Does anyone here know how this scam works? If I press 1 for English, will that put me on some premium pay call that adds hundreds of dollars to my phone bill, or is it just going to take me to someone who wants my personal/bank details?

Asking because I would just really love to waste someone’s time.

Netizens’ comments

After you pressed one, they will transfer you to a Chinese speaking person who asked you what they can do for you. This is dumb as they are the one who called you in the first place.Anyway, when I feel it I will play along. I wil give my name which is obviously a fake to any Singaporeans, like Chan Kee Chiu, or Pinky Lee Ah Long. They won’t have a clue. If it is an Indian sounding person, I will give my name as “Far Kyo Urmum” and my email is “my name without the blank” @gmail.com. It will take a while but they get it.Use your imagination and just play along. No need to get angry as you are just having fun.In most cases I couldn’t be bothered and just declined any +65 calls.
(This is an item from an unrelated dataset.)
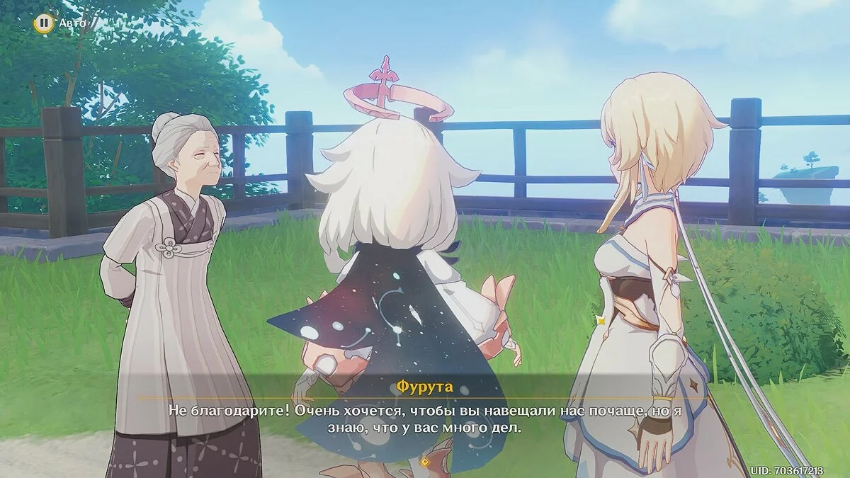 По прибытии с вами заговорит представитель комиссии Хиротацу и сопроводит героя к бабушке по имени Фурута.

A +65 on a telephone line is almost 100% a scam. It’s only through digital call-over-internet services where normal people need to transmit the country code to another local number. If they are dialing you from a Singapore number (+65) to you in Singapore though the telephone networks (not whatsapp), they would not be using an international service to do so because it’s expensive.If you see the +65 this means it is an international call with caller ID spoofing. There are a few legitimate uses for this, mostly overseas customer support services for local companies, but if you’re getting called out of nowhere from a +65 number it is almost certainly a scammer trying to pretend to be Singaporean when they are likely sitting in a call center in Yunnan or whatever.Whatever you press, you’ll get connected to a Chinese scammer. The button press isn’t for language – it’s to screen out automated answers, answering machines, and missed calls due to the automated cold call system. When you press 1 or 2 they know an actual human is on the line, so they redirect you to their human scammer.Then they’ll hand you their spiel where they claim you have to pay a fine or whatever and convince you to transfer money to them. The scamming itself is profoundly unsophisticated and works by cold-calling massive numbers of people and hoping for the naive exception who will believe them. In fact, answering a +65 number is the first screening step for the gullible, and pressing the language button is the second. The pool of those who do both is prime material for being scammed.